Charles Hopper was either a native of the city of New York, or came there at an early age, and commenced life as a butcher in the Franklin market, which business he pursued for many years, and until he had accumulated a considerable estate; but he retired from business several years before his death, and thereafter had no employment except the management

Page 622

of his property. He had but little education; and he was quite illiterate, as is apparent from all the testimony and some specimens of his writing which were given in evidence. In early life he married the wife who survived him, with whom he lived on ordinarily amicable terms, down to about five or six years before his death. They had one child, a daughter, who lived to be married, but who died, without leaving issue, before his troubles with his wife and relations appear to have commenced. As to his character, disposition and habits, prior to the change in them which it is alleged occurred, the evidence shows that he was an active and energetic man of business, fond of gain and laboring hard to acquire property, and investing it with reasonable judgment and discretion. He was brusque in his address, positive, willful and headstrong in his purposes and opinions, and impatient of contradiction. He was coarse and profane in his conversation, and much addicted to the use of ardent spirits, though he was not often, until the latter part of his life, so far intoxicated as to affect his capacity for business. If his declarations may be trusted, he was a disbeliever in revealed religion; and he had taken up a very strong prejudice against ministers and clergymen of all religious denominations--believing, or pretending to believe, that they embraced the profession for selfish purposes, and employed it for base ends, especially in regard to the female members of their congregations. I do not mean to say that all these disagreeable traits in his character were proved by any one witness, or are shown to have been manifested at all times; but they are the fair result of all the voluminous testimony in the case. Prior to the year 1855 or 1856, there is no pretense that he was not fully competent to make a testamentary disposition of his property. Even after that period, and down to the time of his death, whenever his state of health enabled him to be abroad, he continued to attend to the making of small purchases for the family use; and it was not usually apparent to those who dealt with him in such matters, that his mind was otherwise than entirely sane. During this period, the business of collecting his rents and investing his moneys was

Page 623

committed to persons employed as agents by him, and under his directions. It appears that about the year 1856, or somewhat earlier, he commenced to have apprehensions of his wife and his relatives, and suspected them of a design to break up his family--exhibiting on those subjects a good deal of excitement, and talking about them constantly. According to the testimony of Mr. Van Antwerp, a lawyer, who was a good deal employed by him in his legal business, and was, with his partner, for several years his only counsel, this disposition of mind continued to increase, getting, as he expressed it, worse and worse, and more excited, all the time; and he was constantly making new allegations against several persons of a conspiracy to cause his death. In the summer of 1859, he was arrested by policemen, by order of the mayor, charged with threatening to assault his wife; and he gave bail to keep the peace for six months, Mr. Van Antwerp being his surety. About this time his wife left his house, alleging that he had committed violence upon her person; and she soon afterwards commenced an action for a separation, on the allegation of threats of cruel treatment, which made it, as she alleged, unsafe for her to live with him. They lived separate ever afterwards. She appears to have had no kindred of her own blood, and no family connections, except the relations of her husband. Two of his nephews, John R. Hopper and Captain William L. Wiley, took part with her, and gave her some assistance in the legal proceedings; and the sympathy of all the others seems to have been in the same direction. This caused a high state of indignation on his part; and from this time until his death he believed, or affected to believe, that they were conspiring together, and with other persons, to destroy his domestic happiness, and in some secret manner to take his life.

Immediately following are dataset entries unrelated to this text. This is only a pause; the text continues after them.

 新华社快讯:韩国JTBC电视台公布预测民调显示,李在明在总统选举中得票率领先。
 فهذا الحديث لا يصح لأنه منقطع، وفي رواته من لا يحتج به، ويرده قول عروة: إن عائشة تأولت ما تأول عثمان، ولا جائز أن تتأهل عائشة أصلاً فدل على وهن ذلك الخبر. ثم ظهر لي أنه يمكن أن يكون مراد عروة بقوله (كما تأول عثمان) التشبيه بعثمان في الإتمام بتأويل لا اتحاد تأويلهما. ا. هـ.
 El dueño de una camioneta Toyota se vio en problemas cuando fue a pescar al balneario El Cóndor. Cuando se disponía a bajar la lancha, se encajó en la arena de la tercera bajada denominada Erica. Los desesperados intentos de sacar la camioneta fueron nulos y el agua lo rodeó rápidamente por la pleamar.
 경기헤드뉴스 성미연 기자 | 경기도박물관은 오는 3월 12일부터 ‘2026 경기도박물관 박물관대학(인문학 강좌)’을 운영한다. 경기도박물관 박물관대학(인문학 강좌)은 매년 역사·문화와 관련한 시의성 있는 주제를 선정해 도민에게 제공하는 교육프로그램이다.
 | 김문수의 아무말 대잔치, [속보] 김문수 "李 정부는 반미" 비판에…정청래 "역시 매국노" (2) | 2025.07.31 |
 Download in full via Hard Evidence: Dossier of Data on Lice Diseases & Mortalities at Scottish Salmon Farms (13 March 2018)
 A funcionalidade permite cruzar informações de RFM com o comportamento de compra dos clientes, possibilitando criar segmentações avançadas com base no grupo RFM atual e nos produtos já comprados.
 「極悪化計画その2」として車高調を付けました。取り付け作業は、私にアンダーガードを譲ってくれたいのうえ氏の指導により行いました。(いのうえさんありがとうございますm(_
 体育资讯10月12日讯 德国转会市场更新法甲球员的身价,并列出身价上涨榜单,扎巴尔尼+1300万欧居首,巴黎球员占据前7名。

The question which arises upon the evidence is this: Whether his conduct and declarations, from the commencement of the suit for a separation, embracing, perhaps, a year or two prior to that period, down to his decease, were simply the manifestations of an excitable, coarse, ill-regulated and suspicious mind, made more intense by his habits of intemperance,

Page 624

or were the consequences, on the other hand, of an insane delusion, which led him to regard as certain truths, and actually to believe in the existence, on the part of his wife and his relatives, of conduct and intentions substantially such as he imputed to them. I am perfectly satisfied that there was no foundation in fact for the gross imputations upon his wife, or the charge against his relatives, all or any of them, of a design upon his life, or an intention to do him any bodily injury; and that the idea of a conspiracy to injure him, otherwise than by promoting the suit which his wife was prosecuting, was either feigned or purely imaginary. If feigned, it is not enough to defeat the will. If he did not really believe what he alleged to be their criminal conduct and intentions--if he uttered the injurious imputations by way of personal abuse, in order to gratify a depraved and malicious disposition, or for the purpose of defaming or otherwise injuring them in the estimation of their acquaintances and the community, any or all of these dispositions and motives, though most unworthy and reprehensible, would fall short of that degree of mental perversion which would enable the courts to pronounce him non compos mentis and incapable of disposing of his property by will. On questions of testamentary capacity, courts should be careful not to confound perverse opinions and unreasonable prejudices with mental alienation. These qualities of mind may exist, even in a high degree, and...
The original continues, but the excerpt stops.